Providing a corporate messaging app as a part of a document editing suite that every business must buy – is a clear case of bundling. Even a very successful startup like Slack was essentially forced to sell itself to a larger company, just to be able to compete as a paid product in a space where their main competitor is bundled with something their customer must have anyway.
As AI develops into a new ecosystem that becomes larger than the internet, we’re bound to see even greater abuses in this nascent space – unless governments step in and ensure that dumping and bundling do not pay.
3. Consider ways to subsidize or protect original content creation.
Government funds basic research and science through grants and other subsidies. It also protects new ideas that people discover in their research through patents. The reason these two mechanisms are necessary is that copying an idea that works is much cheaper than coming up with a new idea that works. Without intervention, this might lead to a tragedy of the commons where everyone copies from their neighbor and no one creates anything new.
In journalism, and content creation in general, these mechanisms were unnecessary because copying without violating copyrights was a difficult process. But with the advent of AI, this is no longer true. As the price of paraphrasing others’ writing approaches zero, we will need mechanisms to incentivize something other than paraphrasing – and the best answers might look a lot like the ones we have in basic research today.
Making the Best of this Challenge
The transformation brought about by AI is one of the greatest challenges facing humanity today.

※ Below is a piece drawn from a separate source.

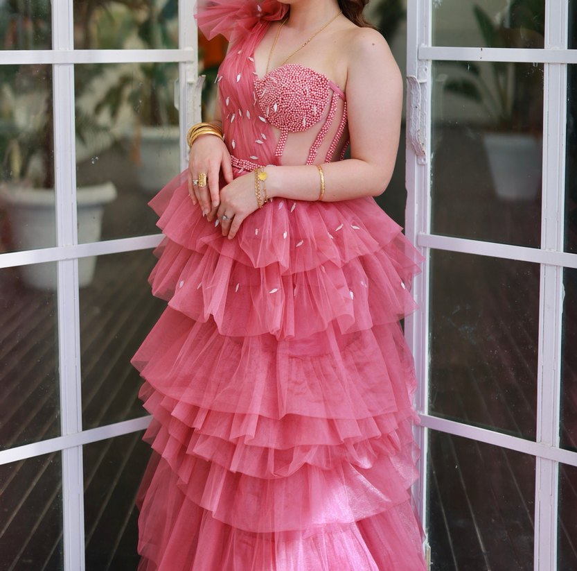 Pembe straplez abiye elbise, işlemeli detaylar ve fırfırlı tül ile süslenmiş, şık ve gösterişli bir tasarıma sahip. Özel dikim elbise marka temsilidir 36-38 uyumlu

Journalists and other content creators will be affected first. Distributors of content will follow soon thereafter. We will eventually enter a completely new paradigm, which I referred to as the “Star Trek Replicator” model for content creation and distribution.
We have an opportunity here to build something much better than what exists today. Just as the invention of the printing press led to the Enlightenment, the invention of AI could lead to a second Enlightenment. But unfortunately, not all the possible futures are benign.
It’s up to us to nudge this evolution in the right direction.